Not allowing adequate rest time in between rides or ignoring the integration of other recovery methods will lead to one cranky, broken, bent out of shape cyclist. Some of us are addicted to giving ourselves away, and have never learned how to properly receive the care that we need. If you’re serious about cycling (or just want to improve) you need to understand the difference.
Mental Health & Cycling Fatigue
It’s sexy to “push yourself”, “give it your all” and “never quit”, but trying to do that all the time is the exact opposite of health and balance. We are constantly caught up in comparing ourselves to other people, not realizing they lead a completely different life with their own unique set of gifts and misfortunes.
Social media and every advertisement out there wants to tell you that you’re not good enough, but when it comes to your cycling recovery, you have to realize that isn’t true. Remember to take the performance and training regimens of others with a grain of salt; that you’re your own person participating in this sport for your own reasons.
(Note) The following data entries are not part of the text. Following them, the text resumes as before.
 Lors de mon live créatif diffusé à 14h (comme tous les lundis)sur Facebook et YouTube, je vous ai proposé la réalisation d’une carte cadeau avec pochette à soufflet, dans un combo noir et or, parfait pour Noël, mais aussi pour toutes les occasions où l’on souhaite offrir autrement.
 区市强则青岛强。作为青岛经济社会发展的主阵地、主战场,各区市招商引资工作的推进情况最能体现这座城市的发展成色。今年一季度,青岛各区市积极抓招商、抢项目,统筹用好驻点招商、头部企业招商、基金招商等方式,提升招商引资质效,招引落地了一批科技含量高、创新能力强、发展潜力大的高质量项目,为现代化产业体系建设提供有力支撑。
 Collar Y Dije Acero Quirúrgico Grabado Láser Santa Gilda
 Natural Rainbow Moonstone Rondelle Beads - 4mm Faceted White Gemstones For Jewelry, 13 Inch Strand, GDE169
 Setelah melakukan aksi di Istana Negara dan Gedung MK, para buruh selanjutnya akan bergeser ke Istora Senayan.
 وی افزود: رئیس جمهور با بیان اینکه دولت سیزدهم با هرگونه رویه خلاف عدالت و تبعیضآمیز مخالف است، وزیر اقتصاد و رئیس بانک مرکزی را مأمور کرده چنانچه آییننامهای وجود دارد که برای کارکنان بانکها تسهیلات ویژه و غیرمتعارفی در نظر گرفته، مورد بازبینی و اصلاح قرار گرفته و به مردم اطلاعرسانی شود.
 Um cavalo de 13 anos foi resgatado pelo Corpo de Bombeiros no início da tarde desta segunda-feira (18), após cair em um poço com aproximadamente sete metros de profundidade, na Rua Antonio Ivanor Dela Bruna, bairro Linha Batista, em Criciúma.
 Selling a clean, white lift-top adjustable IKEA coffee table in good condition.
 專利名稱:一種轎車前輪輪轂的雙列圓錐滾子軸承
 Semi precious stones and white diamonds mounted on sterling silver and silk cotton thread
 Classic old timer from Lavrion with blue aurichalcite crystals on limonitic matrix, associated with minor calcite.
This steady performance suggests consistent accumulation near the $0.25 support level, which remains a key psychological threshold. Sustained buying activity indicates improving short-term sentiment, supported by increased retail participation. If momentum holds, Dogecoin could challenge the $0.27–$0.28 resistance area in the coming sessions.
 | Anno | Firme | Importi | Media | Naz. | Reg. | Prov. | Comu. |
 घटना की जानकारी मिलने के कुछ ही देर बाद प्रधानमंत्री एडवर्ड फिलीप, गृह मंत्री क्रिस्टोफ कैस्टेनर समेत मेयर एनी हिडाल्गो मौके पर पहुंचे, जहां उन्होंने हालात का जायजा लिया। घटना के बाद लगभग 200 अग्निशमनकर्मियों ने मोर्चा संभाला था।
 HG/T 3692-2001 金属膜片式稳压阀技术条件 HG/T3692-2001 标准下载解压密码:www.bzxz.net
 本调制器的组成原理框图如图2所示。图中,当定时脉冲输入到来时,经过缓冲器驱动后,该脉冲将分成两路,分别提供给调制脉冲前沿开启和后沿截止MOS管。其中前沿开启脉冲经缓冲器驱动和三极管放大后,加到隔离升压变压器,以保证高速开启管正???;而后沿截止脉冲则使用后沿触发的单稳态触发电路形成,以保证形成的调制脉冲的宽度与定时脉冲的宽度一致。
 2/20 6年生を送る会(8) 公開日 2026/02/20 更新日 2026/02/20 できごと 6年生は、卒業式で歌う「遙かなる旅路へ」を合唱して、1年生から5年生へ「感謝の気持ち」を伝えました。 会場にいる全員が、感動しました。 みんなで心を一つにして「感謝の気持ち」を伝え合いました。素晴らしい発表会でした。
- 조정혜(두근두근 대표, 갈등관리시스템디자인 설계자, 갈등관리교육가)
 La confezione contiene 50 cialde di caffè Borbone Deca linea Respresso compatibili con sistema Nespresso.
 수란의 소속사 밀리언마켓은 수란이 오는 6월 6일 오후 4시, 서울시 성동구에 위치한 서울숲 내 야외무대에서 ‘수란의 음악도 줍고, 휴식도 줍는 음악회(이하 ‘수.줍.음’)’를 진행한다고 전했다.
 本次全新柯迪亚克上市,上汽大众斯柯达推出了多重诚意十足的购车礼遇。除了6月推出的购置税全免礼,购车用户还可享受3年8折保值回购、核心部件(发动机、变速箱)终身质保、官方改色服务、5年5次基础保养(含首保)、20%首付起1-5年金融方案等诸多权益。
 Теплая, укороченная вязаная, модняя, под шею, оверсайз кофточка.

Whether it’s for competition, recreation or just simple enjoyment, there are many wonderful things about jumping on a bike. A light perspective and pain free body goes a long way in reducing cycling fatigue, and that’s exactly what the rest of this article is designed to teach you about.
Tools For Cycling Recovery
Relieving our achy backs, painful hips and sore legs after cycling is a multifaceted and often complex, individualized issue. Posture, anatomy and various lifestyle factors all have a say. However, there are certain constants that, if adhered to (even loosely), can be a significant contributor to your post cycling recovery and overall improved cycling performance.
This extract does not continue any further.